The letter sent to Dawson was signed by all 48 players in the LIV Golf Invitational-Chicago tournament, along with two-time Masters champion Bubba Watson, who has signed with LIV but is not expected to start playing until next year.

“An OWGR without LIV would be incomplete and inaccurate, the equivalent of leaving the Big 10 or the SEC out of the US college football rankings, or leaving Belgium, Argentina, and England out of the FIFA rankings,” the letter said.

Players who signed with the lucrative LIV Golf series have not received ranking points except in the majors or in the European tour events they were allowed to play.

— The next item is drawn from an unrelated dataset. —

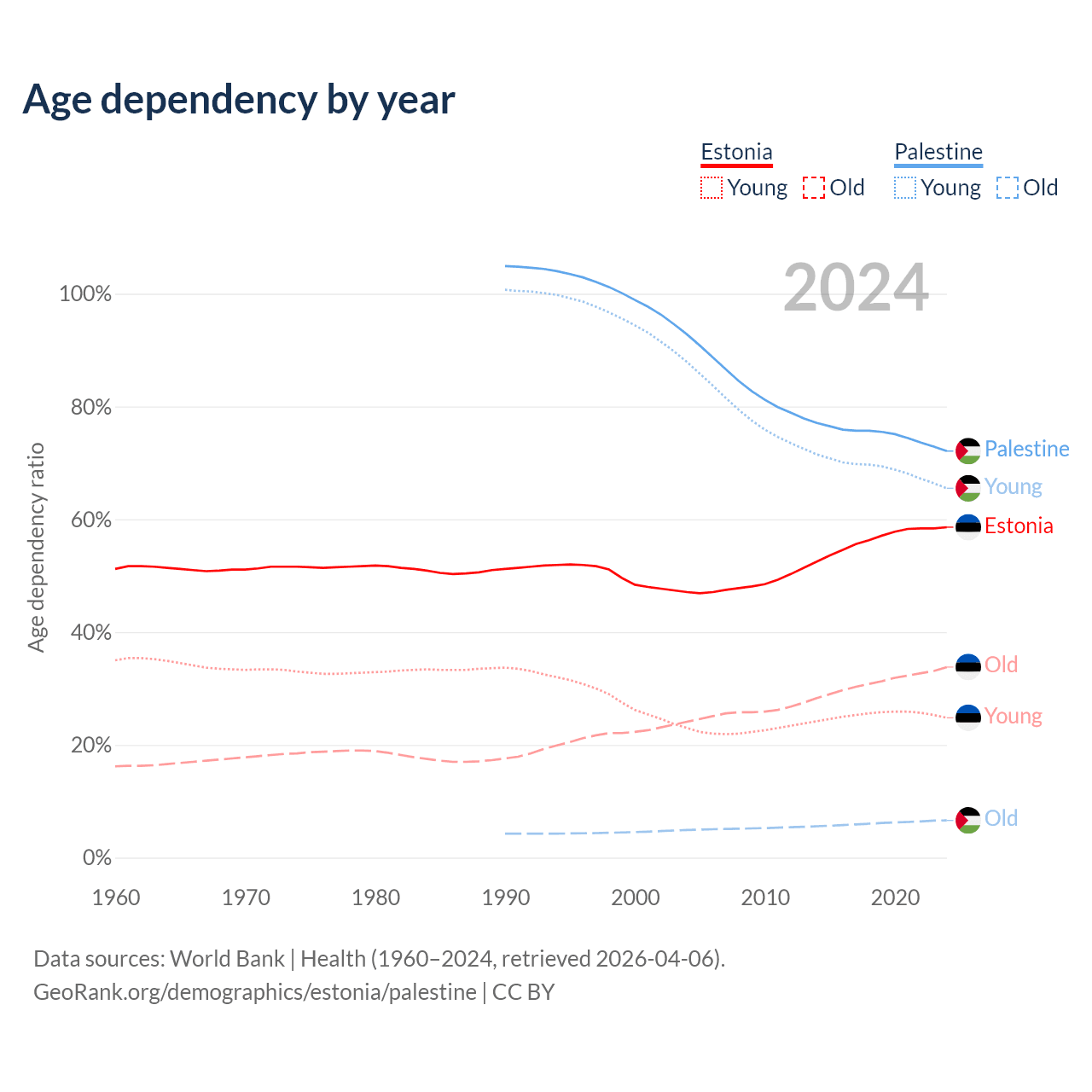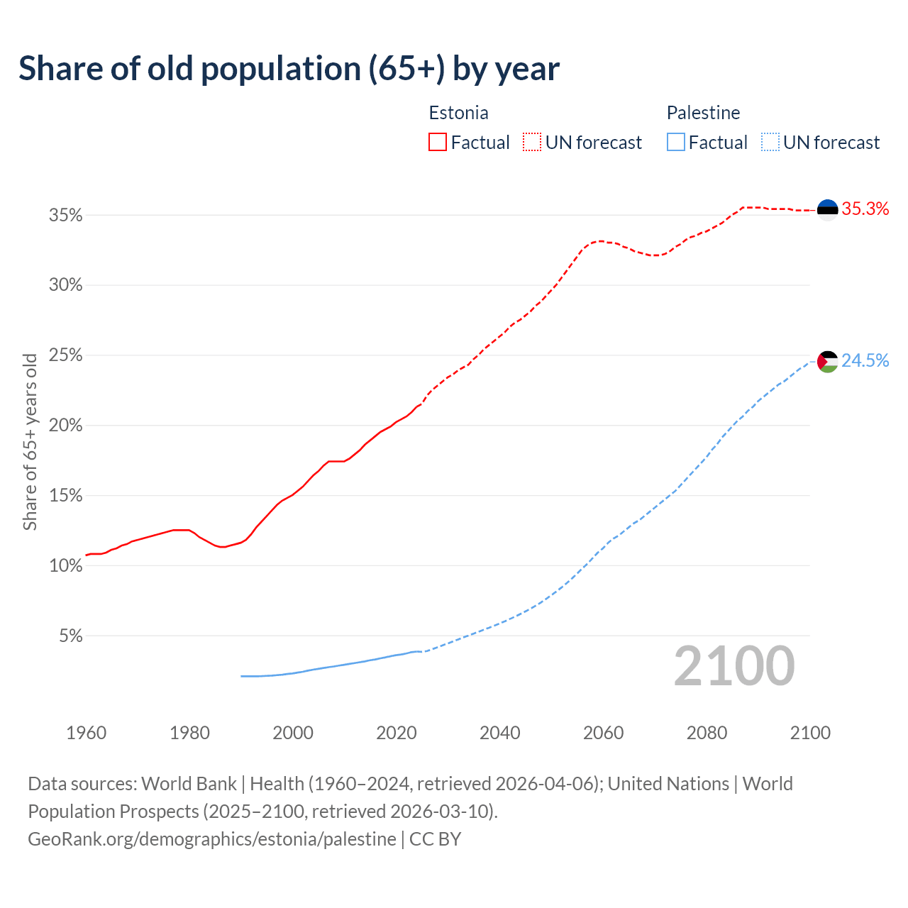 - The share of old-age demographic (65+) in Estonia is 21.3% vs 3.84% in Palestine.

Dustin Johnson was No.13 in the world when he signed with LIV. He tied for 24th in the US Open and tied for sixth in the British Open. He has finished in the top 10 at all five LIV Golf events (including a win and a runner-up finish in the last two) but has fallen to No.23.

Talor Gooch was at No.35 and was slowly slipping in the world ranking until he played the BMW PGA Championship on the European tour, finished fourth and moved up back to No.35. He dropped one spot a week later.

European tour events and other circuits if they choose to play, such as the Asian Tour or Japan Golf Tour, are currently the only places for LIV players to earn ranking points.

The Masters since 1999 has invited the top 50 at the end of the year, while the US Open and British Open also use the world ranking as key criteria. The PGA Championship has a history of inviting the top 100, though it falls under “special invitations.”

The letter cites the OWGR’s mission to administer and publish each week “a transparent, credible, and accurate ranking based on the relative performances of players.”

“How can such a system possibly exclude players competing at such high levels against some of the strongest fields of the year for large purses, at such high-profile events?” the letter said.

LIV Golf has 13 of the top 50 players in the world rankings, led by Australian Cameron Smith at No.3.